If the program finds an occurrence of 'status:' within a log entry not
of the form 'status: [1-???]/100' the pointer will be pointing to an
undefined or unauthorized section of memory causing the segfault.
The concurrency entries take the following from:
@4000000057f3b9b42799c77c tcpserver: status: 3/100
I created a patch (soon to be out) so the program checks for 'tcpserver:
status: ' (whether it's a tcp server connection) before it looks for
concurrency numbers.
I found the offending 'status:' entries in the smtp log by running the
following command:
# cat /var/log/qmail/smtp/* | tai64nlocal | grep status:[0-9]

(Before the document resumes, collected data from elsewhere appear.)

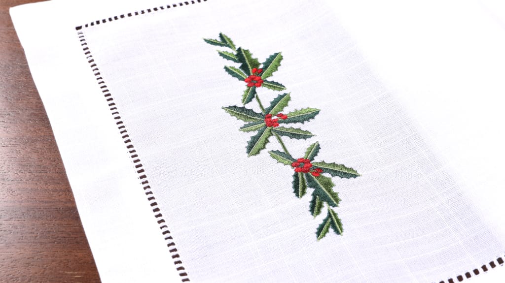 Featuring a stunning red and green holly berry embroidery and hemstitch borders for an elegant, yet rustic farmhouse look that creates warmth and ambiance.
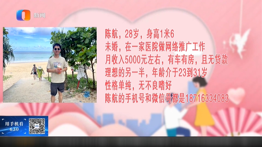天天630,爱情来敲门;记者当红娘,先生女士都漂亮。一起走进今天(11月17日)的“630爱情来敲门”。今天登场的男嘉宾,是家住渝北回兴的95后小伙儿陈航。28岁的小陈,是一名“母胎单身”,至今没谈过恋爱。不过,恋爱经历一片空白的小陈,却有着独特的婚恋观。一起来认识一下他。
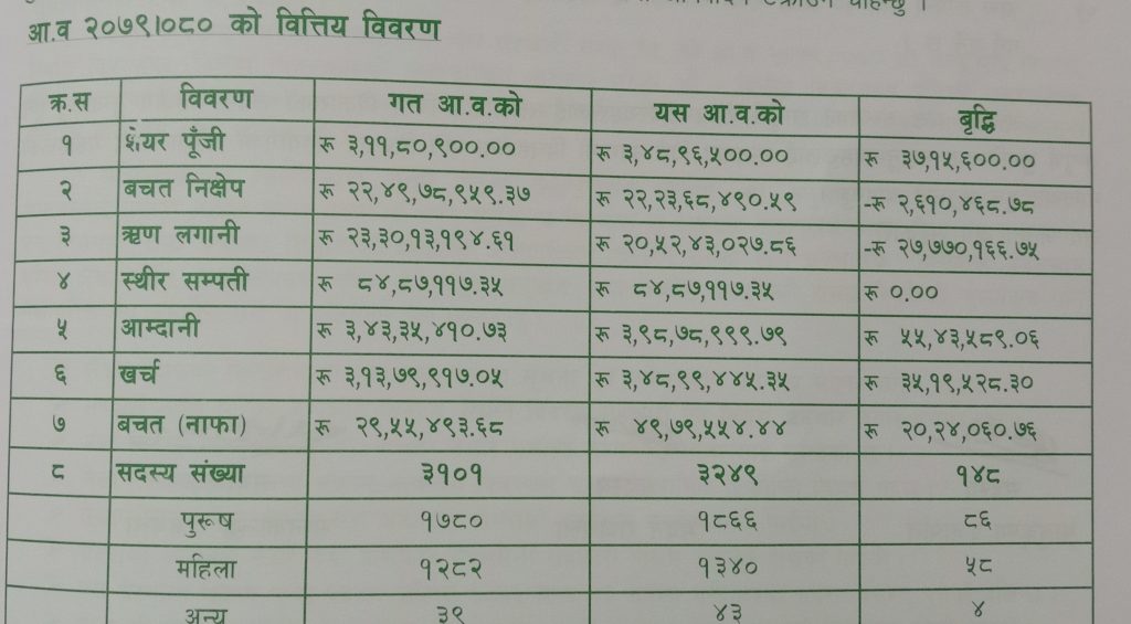साधारण सभाको अध्यक्षता गर्दै सोही संस्थाका अध्यक्ष राजथलाले ‘हुँदा खाने वर्गलाई हुने खाने बनाउने’ भन्ने दृढ संंकल्पले १५ वर्ष अगाडि स्थापना भएको जनता बचत तथा ऋण सहकारी संस्था लि.ले आफ्नो स्थापनाकालदेखि नै सदस्यहरुको बचतको सुरक्षालाई पहिलो प्राथमिकता दिदै सदस्यहरुको विश्वास आर्जन गरी संस्थाको दिगो विकास र सदस्यहरुलाई सरल र सहज रुपमा छिटो छरितो सेवा प्रदान गर्दै सदस्यको सन्तुष्टि संस्थाको मुख्य सफलता हो भन्ने मुल मान्यता अनुसार काम गर्दै आइरहेको बताउनुभयो । उहाँले विगत वर्षहरुमा कोभिड-१९ को प्रभाव र देशव्यापी बन्दाबन्दी हुँदा समेत पनि सदस्यहरुलाई वित्तीय सेवा दिन संस्था सफल भएको थियो भने यस अवधिमा संस्थाले सहकारी संस्थाहरुको माझमा एक विश्वासिलो , दिगो , भरपर्दो र पूर्ण व्यवसायिक कारोबार गरी आफ्ना सदस्यहरु माझमा र सम्बन्धित निकायहरुको बीचमा सफल सहकारी संंस्थाको रुपमा स्थापित हुन सफल भएको छ भन्दै खुशी व्यक्त गर्नुभयो । उहाँले यस संस्थाले स्मार्ट मोबाइल बैंकिङ (Smart Mobile Banking),क्युआर कोड (QR Code), एसएमएस सर्भिस (SMS Service) , ई-सवा (E-TELLER), ट्याब्लेट बैंकिङ (Tablet Banking) मार्फत वित्तीय सेवा प्रदान गर्न शुरु गरेकोले यी प्रविधिबाट संस्थाका सबै शेयर सदस्हरुलाई संस्थाबाट प्रविधिमैत्री सेवा र सुविधा मार्फत वित्तीय कारोबार गर्न अनुरोध गर्नुभयो ।

The resulting 'cat' of the smtp log provided the following log entries:
@4000000057eb9d2f1c792d4c simscan:[21808]:CLEAN
(2.90/12.00):0.5372s:John Q. Public updated her
status:192.168.0.1:[email protected]:[email protected]
on which qmailmrtg was segfault(ing). It ended up being email from
facebook with subject lines indicating an update in status.

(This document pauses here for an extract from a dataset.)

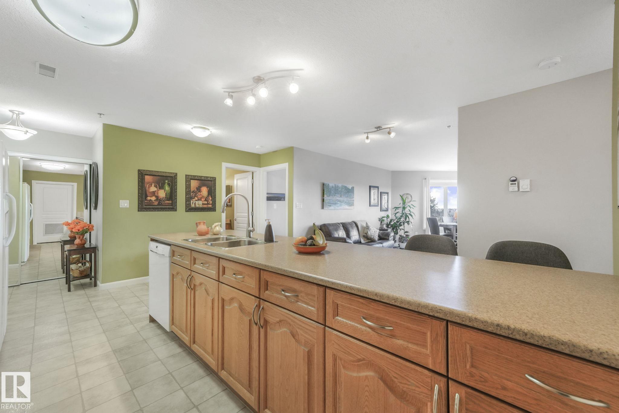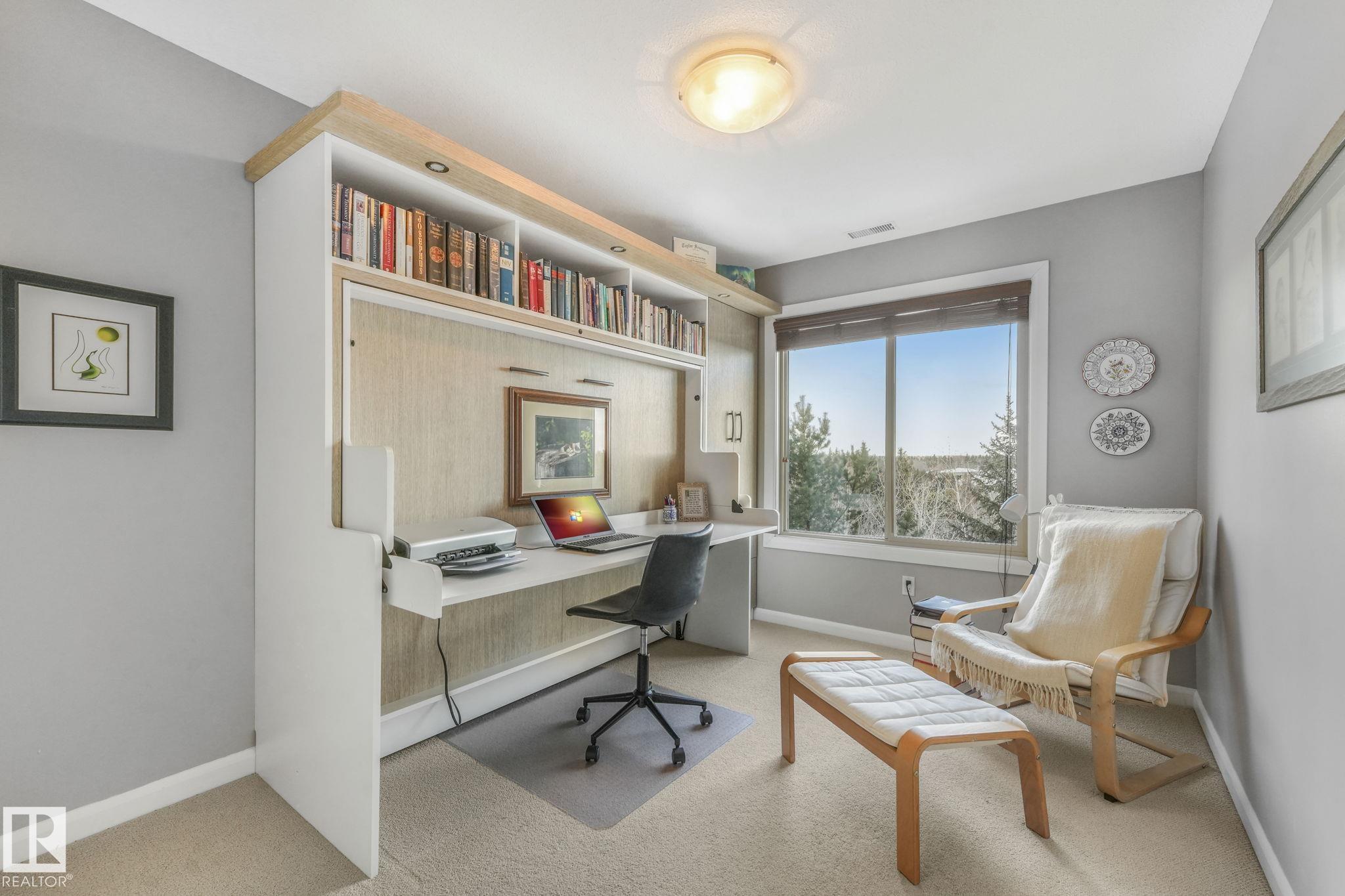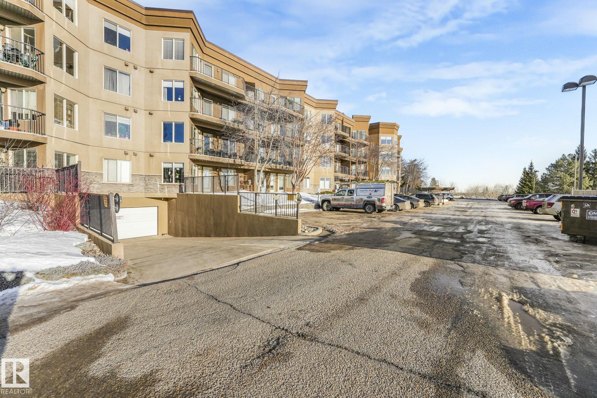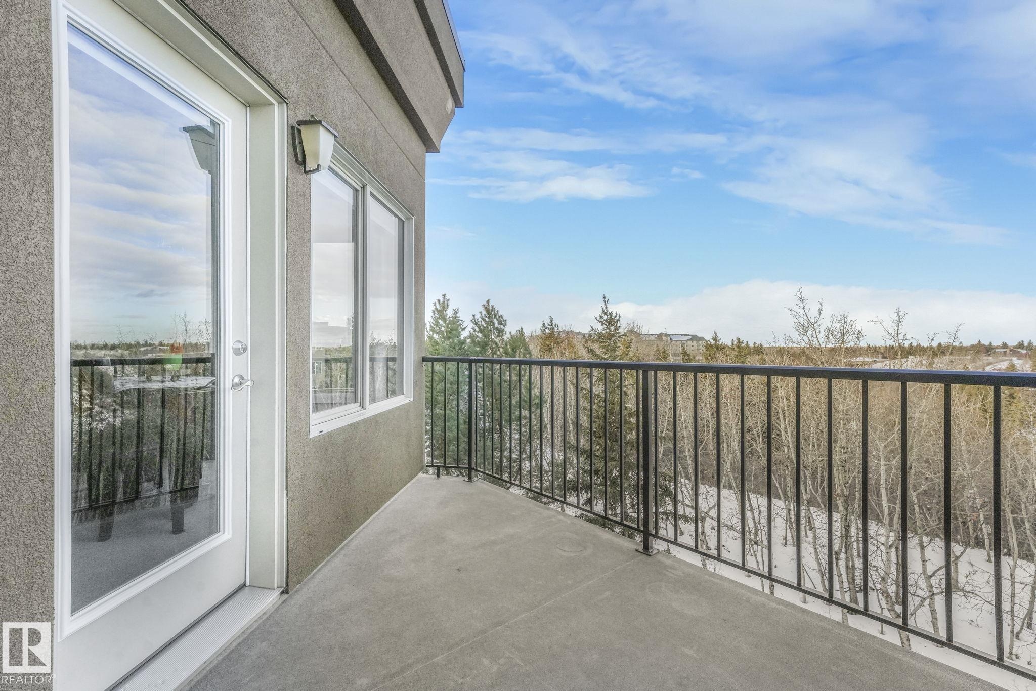 OVERLOOKING THE RAVINE! IMMACULATE TOP FLOOR UNIT. This modern 2 bedroom and 2 full bath, 18+ unit in the "Ridge At Hermitage" is immaculate! Features include: modern open concept kitchen with expansive breakfast bar, bright and warm ceiling height cabinets, spacious living room, large balcony, insuite laundry/storage, central elevators and underground parking stall with storage cage., Main bedroom has a walk-through closet and a 3pc ensuite. 2nd bedroom is next to a 4pc bath and has a custom murphy bed that converts to a desk and filing cabinet(5000. value). Bedrooms are on opposite ends of unit perfect for company/room mate. Parking is close to elevator. Extra features: A/C, visitor parking, car wash, Social and Exercise rooms. All utilities are included in the condo fees, except power PET FREINDLY with board approval close to off leash area. Extensive walking/biking trails, skiing and golf nearby. Quick access to all amenities and major routes!

It's a harmless problem but annoying, so, I'm going to patch the code
and put out an updated version.
I'm still surprised that this wasn't noticed years ago.
Eric
On 6/10/2016 10:10 AM, Jaime Lerner wrote:
Thanks for looking into this, Eric. The interesting thing is, the
qmailmrtg segfaults didn't happen until I cleared up the vchkpw faults.
I'm thinking they both might be related to memory and when I raised the
limit for vchkpw it didn't leave enough memory for qmailmrtg to run
sometimes. I'm thinking I could drop the softlimit down and see if that
solves it (i.e. Drop it until the qmailmrgt segfaults stop, but not too
much so as to cause the vchkpw segfaults to start up again). And yes,
they are in the messages log. I don't have any of the "abrt-server"

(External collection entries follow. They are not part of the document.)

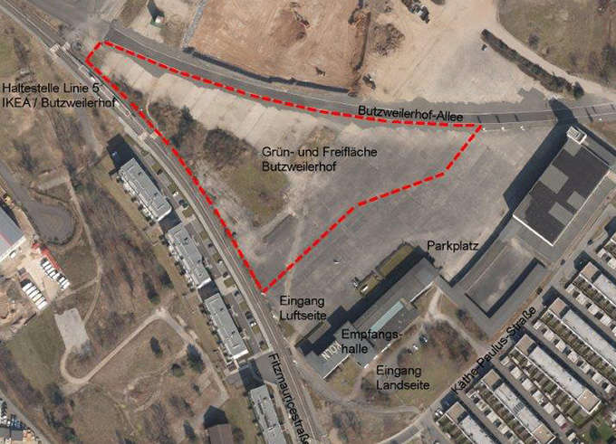Im Stadtteil Ossendorf ist eine etwa 17.000 Quadratmeter große öffentliche, quartiersbezogene Grün- und Freifläche mit integriertem Spielplatz (etwa 4.000 Quadratmeter) für Kinder und Jugendliche an der Fitzmauricestraße und der neu entstehenden Butzweilerhof-Allee entstanden. Den süd-östlichen Abschluss bildet das ehemalige Rollfeld mit der Empfangs- und Abfertigungshalle des ehemaligen Flughafens.
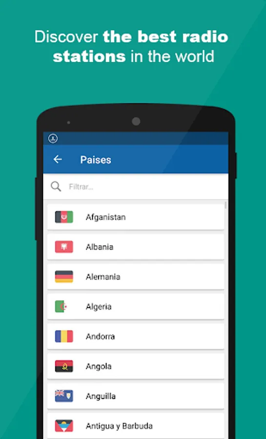• Countries list (Select country and touch the Radio Station)
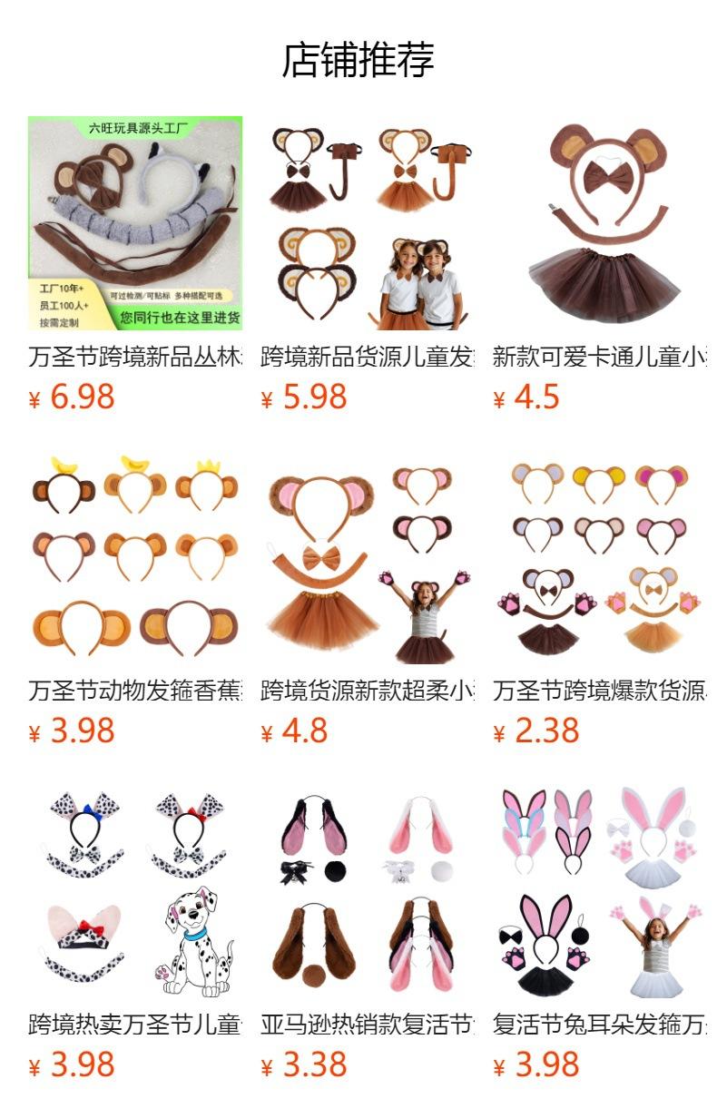 Diadema de Animales de Halloween Diadema de Mono Plátano Orejas de Monito Lindo Gorro de Felpa para Niños Suministro Transfronterizo

messages, nor anything about it not being signed. The only thing in my
log for qmailmrtg is the segfaults (and the initial install I did with yum).
From: Eric <[email protected] <mailto:[email protected]>>
Reply-To: <[email protected]
<mailto:[email protected]>>
Date: Friday, June 10, 2016 at 12:02 PM
To: <[email protected]
<mailto:[email protected]>>
Subject: Re: [qmailtoaster] vchkpw segfaults and spamdyke errors
Hi Jamie,
I had these as well on a client server about a month ago for a few days
and they went away. They showed up in the postmaster logwatch email. I
traced them to the messages log.
I ran the following command (with output):
# cat messages* | grep -C 4 segfault
May 18 09:25:02 mail kernel: qmailmrtg[20759]: segfault at 604000 ip
0000000000400b17 sp 00007fff8f462560 error 4 in qmailmrtg[400000+2000]
May 18 09:25:02 mail abrt-server: Package 'qmailmrtg' isn't signed with
proper key
May 18 09:25:02 mail abrt-server: 'post-create' on
'/var/spool/abrt/ccpp-2016-05-18-09:25:02-20759' exited with 1
May 18 09:25:02 mail abrt-server: Deleting problem directory
'/var/spool/abrt/ccpp-2016-05-18-09:25:02-20759'
And, it looks like it has something to do with signing.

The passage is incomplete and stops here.